2. Once someone helps you, say thank you and close the thread with:

+close

3. Feel free to nominate the person for helper of the week in #helper-nominations

That's correct. Though, probably easier to leave it factored like this:
f'(x) = 2((x + 1)cos(x) - (x - 1)sin(x))

How do I solve part b? The f'(3)

Substitute x = 3 into the expression for f'(x).

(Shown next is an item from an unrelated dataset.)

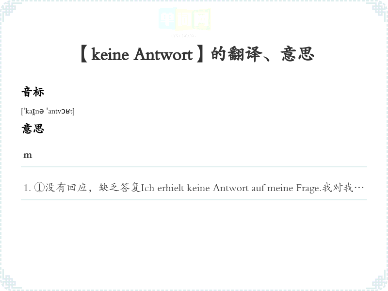 【keine Antwort】是什么意思、字义解释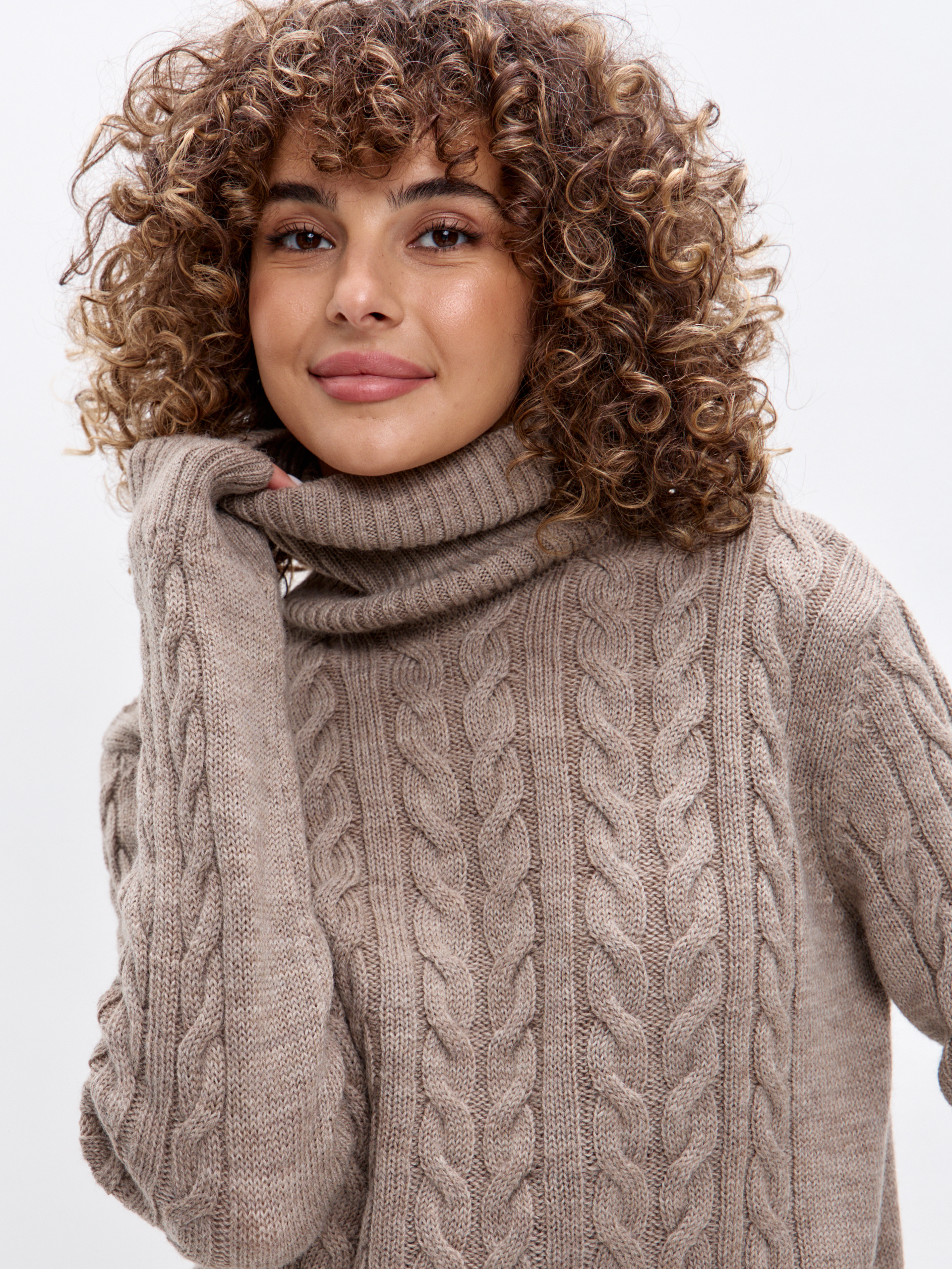 Дополнительный комфорт обеспечит высокий ворот, как у водолазки. Силуэт прямой, плечо спущено, рукав удлинён, можно сделать отворот.

I know that much, but how do I solve it. Like go from there. The answer is gonna be a decimal but I have no idea what to do

No need to do anything.
f'(3) = 2(4cos(3) - 2sin(3)) = 8cos(3) - 4sin(3)

That's it.

How did you do that? That was indeed the answer...

I feel dumb

I just substituted x = 3.

Oh my god now I see it 💀

That was so much easier than I saw it as

The equation of the tangent to f(x) at x = a is:
y = f'(a)(x - a) + f(a)
So, m = f'(a), b = f(a) - af'(a).

Note that the derivative of sin is cos

I am just going to work on my english stuff and go to the math center and my college tomorrow. Though I will prolly get some help with my other assignment before that

Generally, to say it in words instead of equations, for the tangent line of a curve f at a given point Q(w|z), youll:

1. find f(w)=z, such that you now know the point at which the tangent intersects with the curve f: Q(w|z),
2. calculated the derivative f’ of the curve and calculate m=f’(w), such that you now know the slope of the tangent at the given point.
3. Now you can solve for b, where the tangent is y=mx+b since you already know m and you know a point on the tangent Q(w|z) by plugging in w and z:
   z=mw+b
   b=z-mw=f(w)-wf’(w)

@graceful inlet

You just made it worse 😭

I barely understand anything and now it got more confusing